**Your goal:** Print the records exactly as written, and let no picture into the answer.
BEGIN Data provided
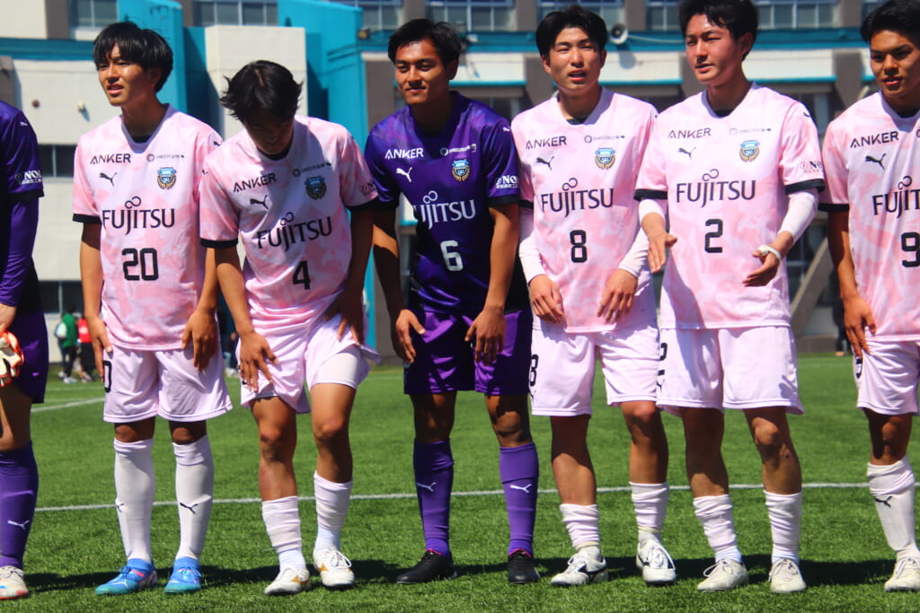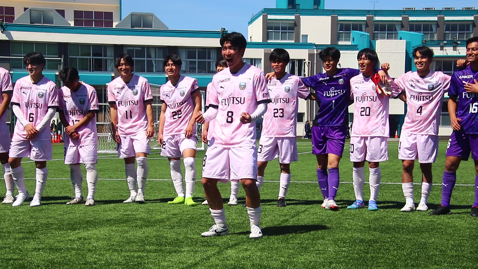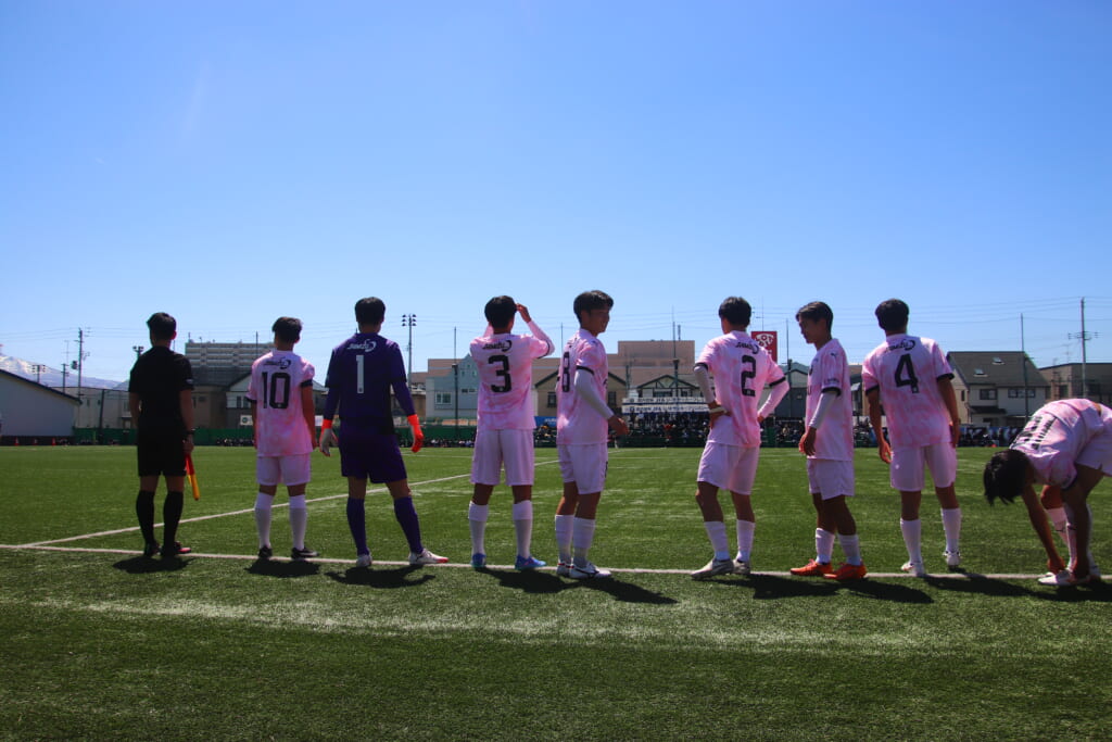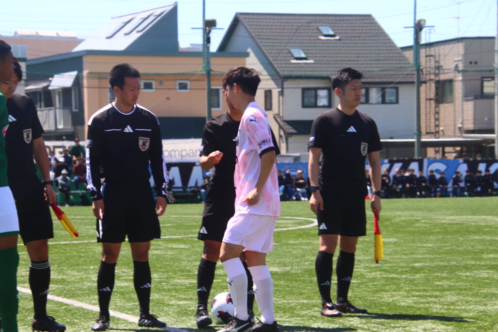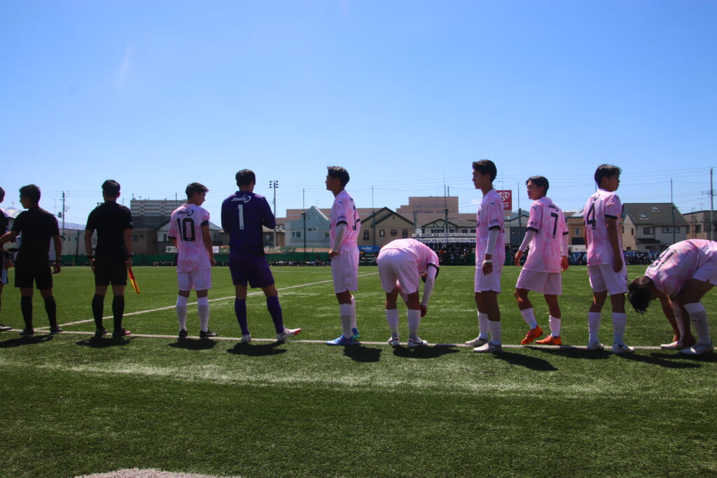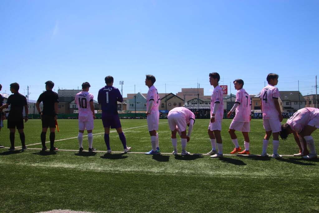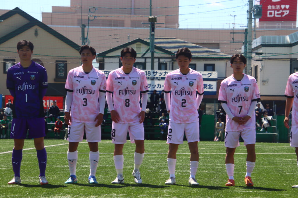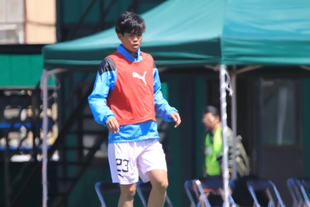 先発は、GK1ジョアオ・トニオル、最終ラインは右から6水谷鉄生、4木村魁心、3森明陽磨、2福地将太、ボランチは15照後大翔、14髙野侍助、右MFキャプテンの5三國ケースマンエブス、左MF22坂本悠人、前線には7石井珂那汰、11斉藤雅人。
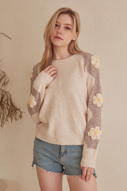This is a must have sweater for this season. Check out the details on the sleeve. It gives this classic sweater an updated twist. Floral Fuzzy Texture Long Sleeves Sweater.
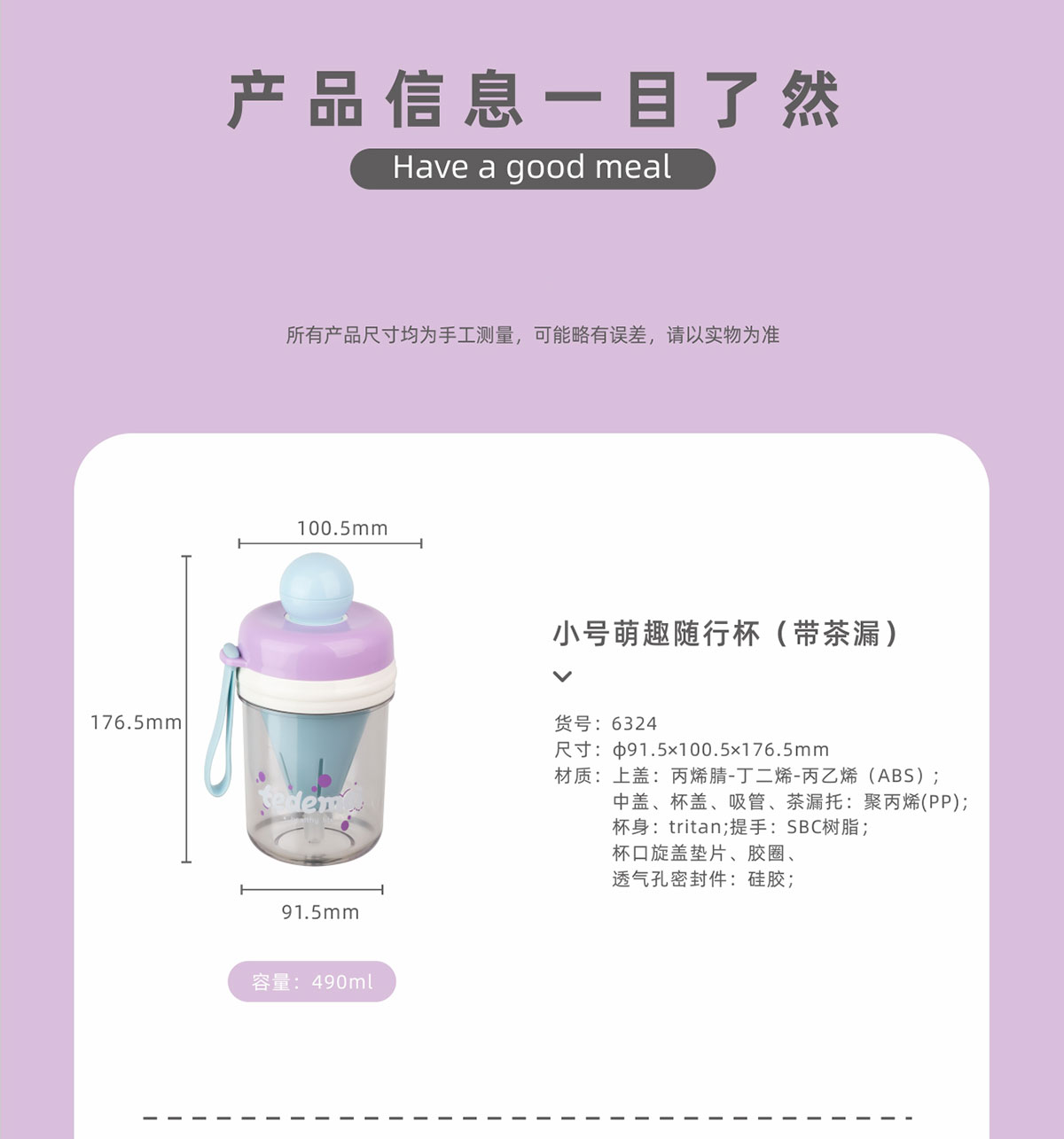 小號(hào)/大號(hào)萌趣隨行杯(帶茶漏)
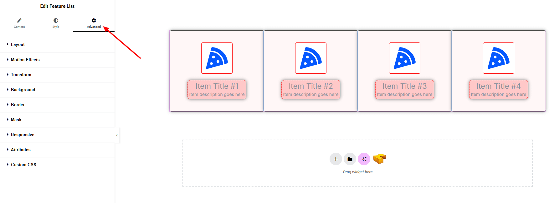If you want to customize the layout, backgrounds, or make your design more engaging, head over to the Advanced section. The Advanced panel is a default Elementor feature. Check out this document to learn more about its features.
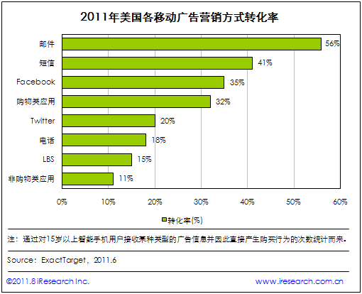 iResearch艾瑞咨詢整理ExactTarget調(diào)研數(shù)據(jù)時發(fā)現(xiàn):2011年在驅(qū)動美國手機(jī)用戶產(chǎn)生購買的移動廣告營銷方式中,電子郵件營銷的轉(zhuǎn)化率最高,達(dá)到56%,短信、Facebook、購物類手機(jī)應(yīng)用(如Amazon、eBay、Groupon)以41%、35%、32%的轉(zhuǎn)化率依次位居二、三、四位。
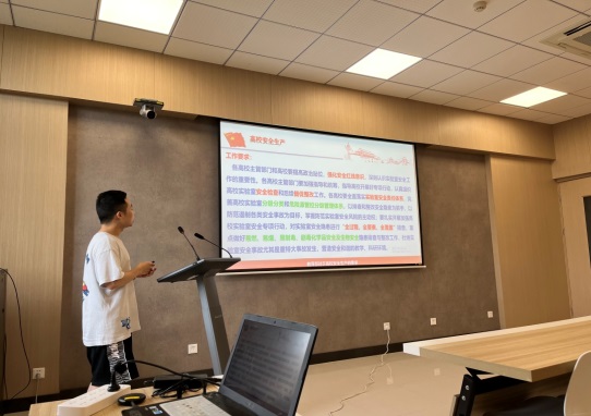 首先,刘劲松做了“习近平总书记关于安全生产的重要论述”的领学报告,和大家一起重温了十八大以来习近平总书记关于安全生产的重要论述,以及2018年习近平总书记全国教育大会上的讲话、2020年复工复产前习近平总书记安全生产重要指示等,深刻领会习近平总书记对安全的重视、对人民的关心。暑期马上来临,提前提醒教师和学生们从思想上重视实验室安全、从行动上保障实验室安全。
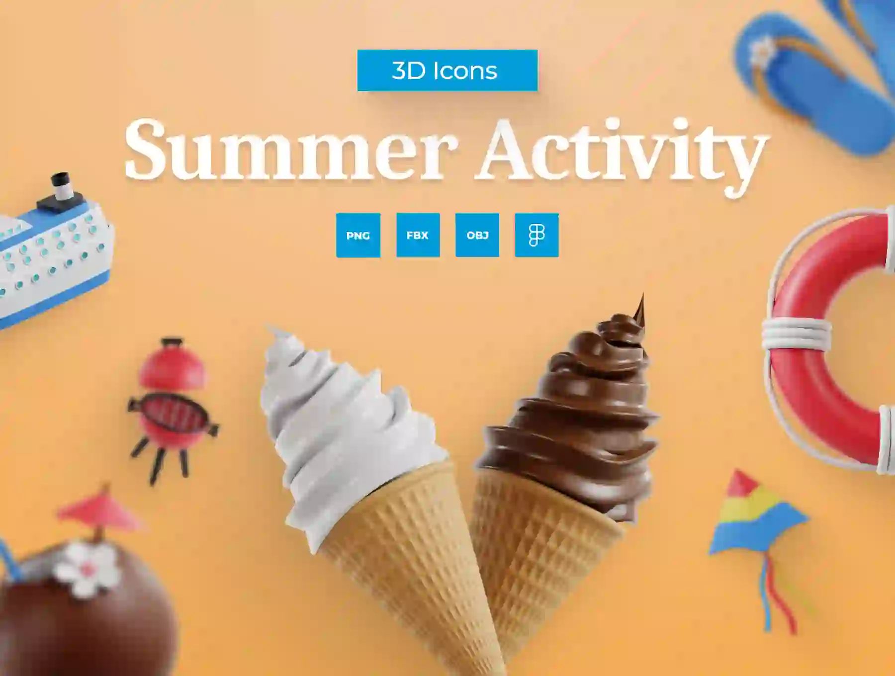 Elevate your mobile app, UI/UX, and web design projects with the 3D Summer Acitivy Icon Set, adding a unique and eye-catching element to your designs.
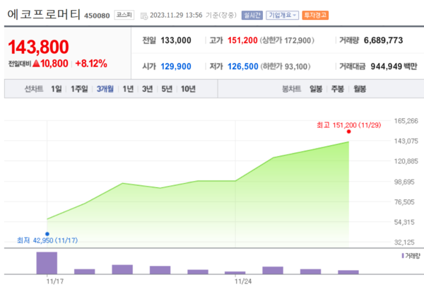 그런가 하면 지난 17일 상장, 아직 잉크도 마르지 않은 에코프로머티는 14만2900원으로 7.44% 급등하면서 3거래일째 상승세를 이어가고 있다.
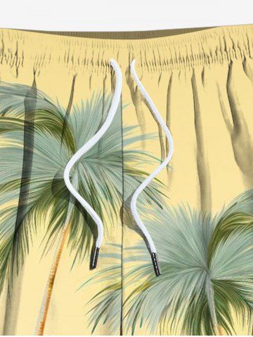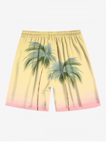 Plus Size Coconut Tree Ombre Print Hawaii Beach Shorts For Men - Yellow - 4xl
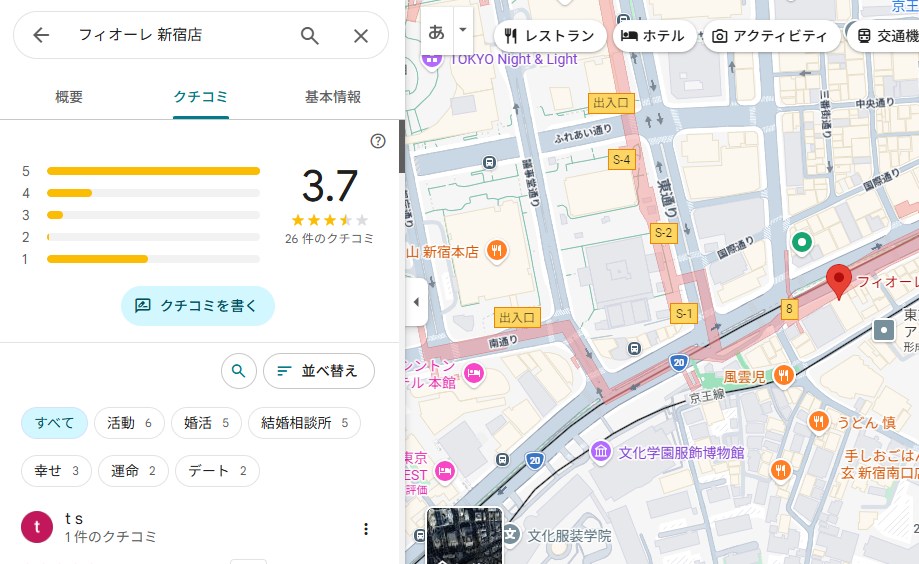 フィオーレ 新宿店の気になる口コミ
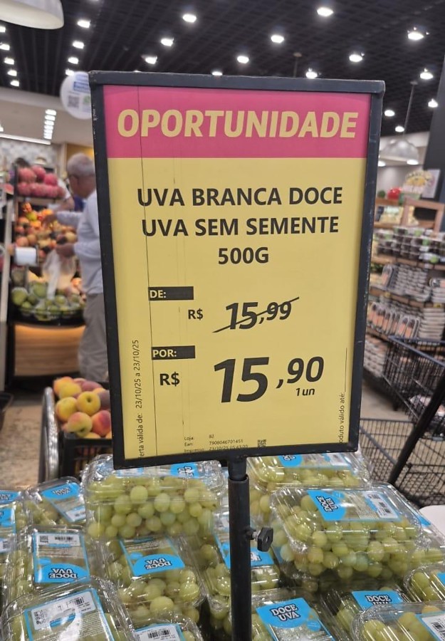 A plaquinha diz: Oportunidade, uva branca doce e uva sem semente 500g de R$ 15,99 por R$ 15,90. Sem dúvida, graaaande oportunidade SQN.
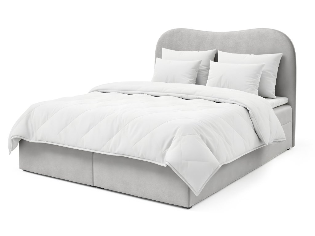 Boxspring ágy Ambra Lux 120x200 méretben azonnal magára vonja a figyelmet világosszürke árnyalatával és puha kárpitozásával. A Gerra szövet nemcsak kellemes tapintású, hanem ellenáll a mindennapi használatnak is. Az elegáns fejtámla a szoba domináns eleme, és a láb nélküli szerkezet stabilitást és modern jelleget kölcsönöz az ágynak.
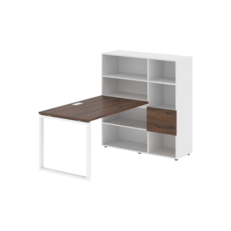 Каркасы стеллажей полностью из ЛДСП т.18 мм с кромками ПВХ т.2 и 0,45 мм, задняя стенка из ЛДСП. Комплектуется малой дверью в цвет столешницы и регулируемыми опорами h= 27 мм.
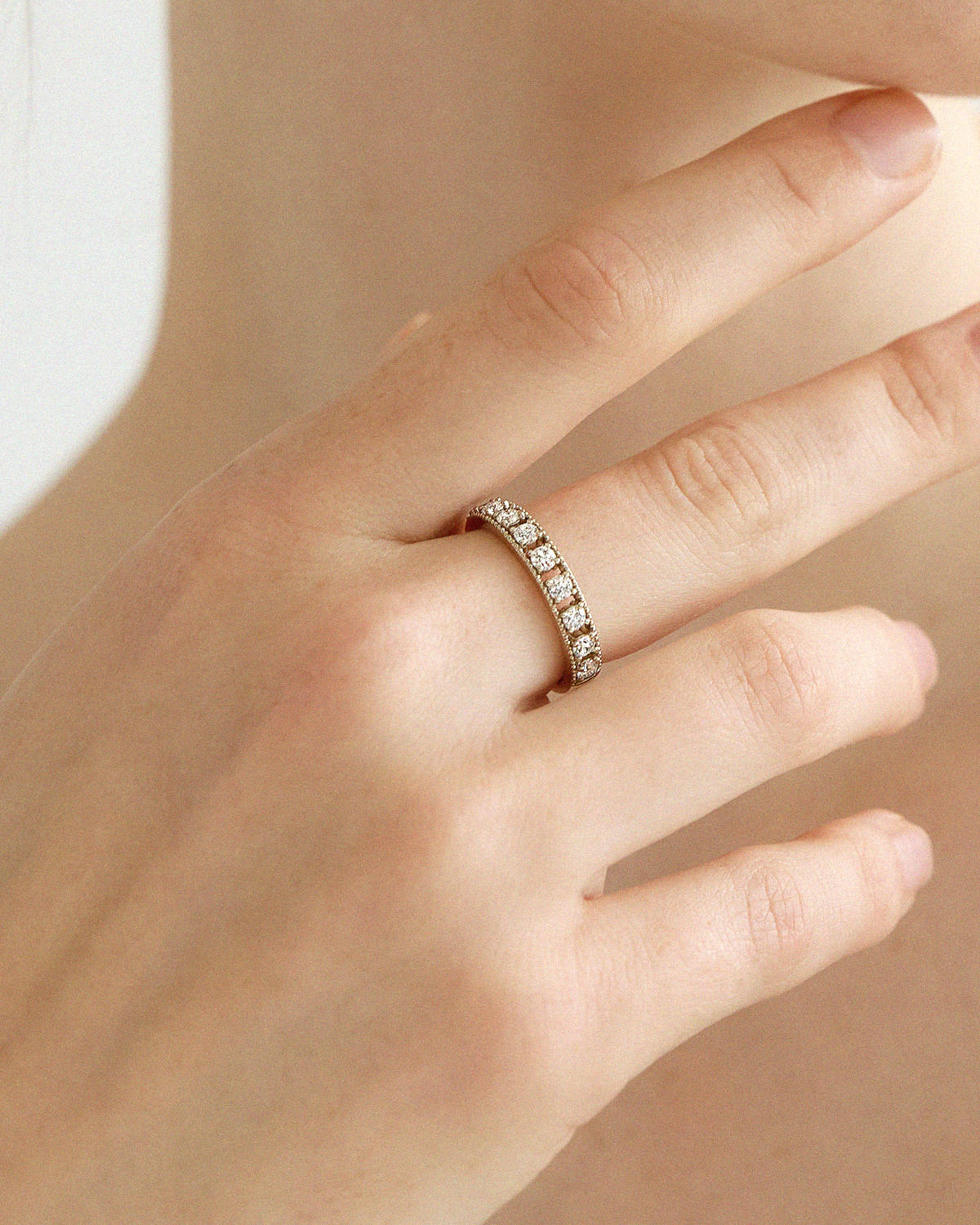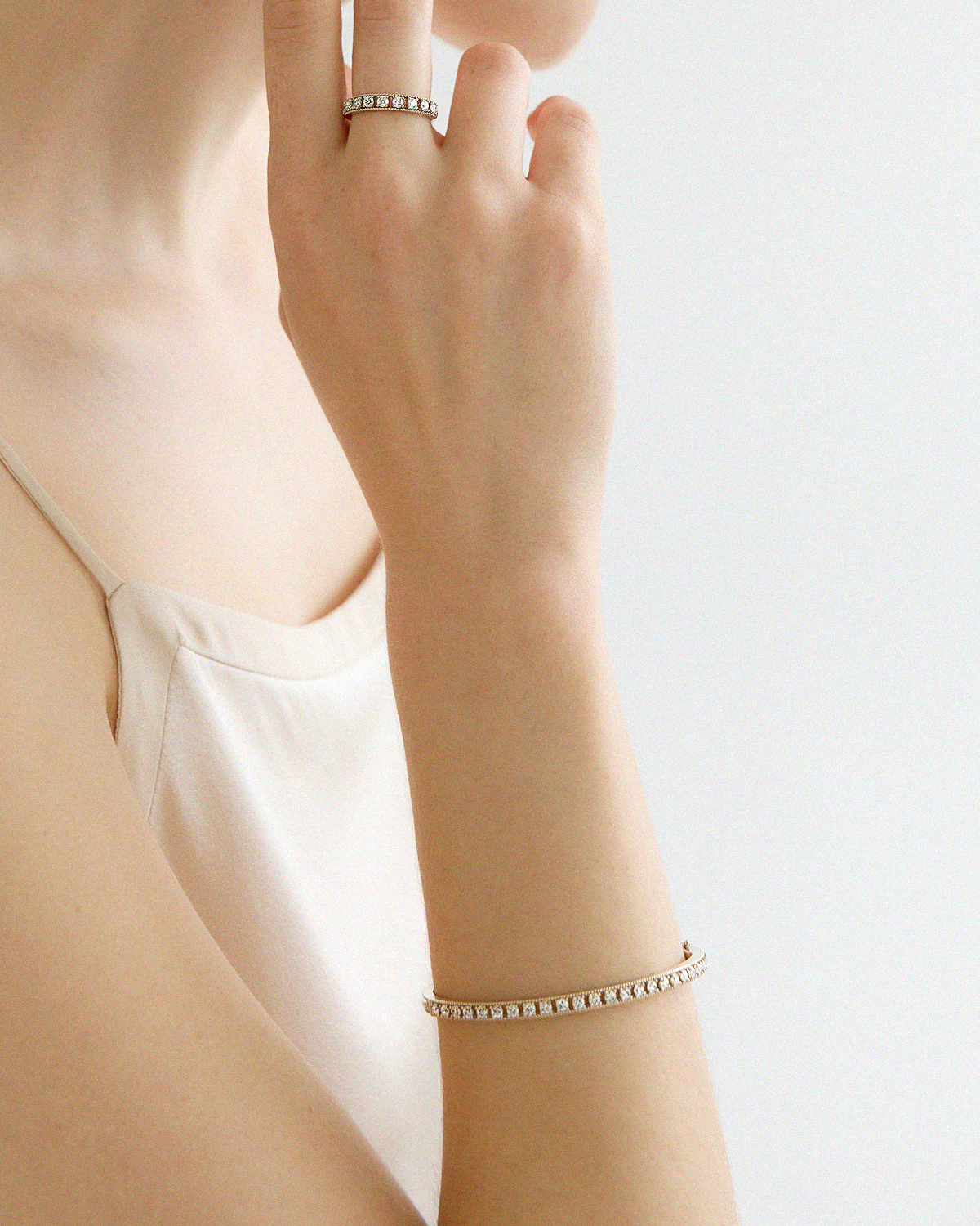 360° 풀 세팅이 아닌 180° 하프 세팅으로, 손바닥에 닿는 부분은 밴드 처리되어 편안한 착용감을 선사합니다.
END Data provided
**Answer to this exercise:**
 先発は、GK1ジョアオ・トニオル、最終ラインは右から6水谷鉄生、4木村魁心、3森明陽磨、2福地将太、ボランチは15照後大翔、14髙野侍助、右MFキャプテンの5三國ケースマンエブス、左MF22坂本悠人、前線には7石井珂那汰、11斉藤雅人。
This is a must have sweater for this season. Check out the details on the sleeve. It gives this classic sweater an updated twist. Floral Fuzzy Texture Long Sleeves Sweater.
 小號(hào)/大號(hào)萌趣隨行杯(帶茶漏)
If you want to customize the layout, backgrounds, or make your design more engaging, head over to the Advanced section. The Advanced panel is a default Elementor feature. Check out this document to learn more about its features.
 iResearch艾瑞咨詢整理ExactTarget調(diào)研數(shù)據(jù)時發(fā)現(xiàn):2011年在驅(qū)動美國手機(jī)用戶產(chǎn)生購買的移動廣告營銷方式中,電子郵件營銷的轉(zhuǎn)化率最高,達(dá)到56%,短信、Facebook、購物類手機(jī)應(yīng)用(如Amazon、eBay、Groupon)以41%、35%、32%的轉(zhuǎn)化率依次位居二、三、四位。
 首先,刘劲松做了“习近平总书记关于安全生产的重要论述”的领学报告,和大家一起重温了十八大以来习近平总书记关于安全生产的重要论述,以及2018年习近平总书记全国教育大会上的讲话、2020年复工复产前习近平总书记安全生产重要指示等,深刻领会习近平总书记对安全的重视、对人民的关心。暑期马上来临,提前提醒教师和学生们从思想上重视实验室安全、从行动上保障实验室安全。
 Elevate your mobile app, UI/UX, and web design projects with the 3D Summer Acitivy Icon Set, adding a unique and eye-catching element to your designs.
 그런가 하면 지난 17일 상장, 아직 잉크도 마르지 않은 에코프로머티는 14만2900원으로 7.44% 급등하면서 3거래일째 상승세를 이어가고 있다.
 Plus Size Coconut Tree Ombre Print Hawaii Beach Shorts For Men - Yellow - 4xl
 フィオーレ 新宿店の気になる口コミ
 A plaquinha diz: Oportunidade, uva branca doce e uva sem semente 500g de R$ 15,99 por R$ 15,90. Sem dúvida, graaaande oportunidade SQN.
 Boxspring ágy Ambra Lux 120x200 méretben azonnal magára vonja a figyelmet világosszürke árnyalatával és puha kárpitozásával. A Gerra szövet nemcsak kellemes tapintású, hanem ellenáll a mindennapi használatnak is. Az elegáns fejtámla a szoba domináns eleme, és a láb nélküli szerkezet stabilitást és modern jelleget kölcsönöz az ágynak.
 Каркасы стеллажей полностью из ЛДСП т.18 мм с кромками ПВХ т.2 и 0,45 мм, задняя стенка из ЛДСП. Комплектуется малой дверью в цвет столешницы и регулируемыми опорами h= 27 мм.
 360° 풀 세팅이 아닌 180° 하프 세팅으로, 손바닥에 닿는 부분은 밴드 처리되어 편안한 착용감을 선사합니다.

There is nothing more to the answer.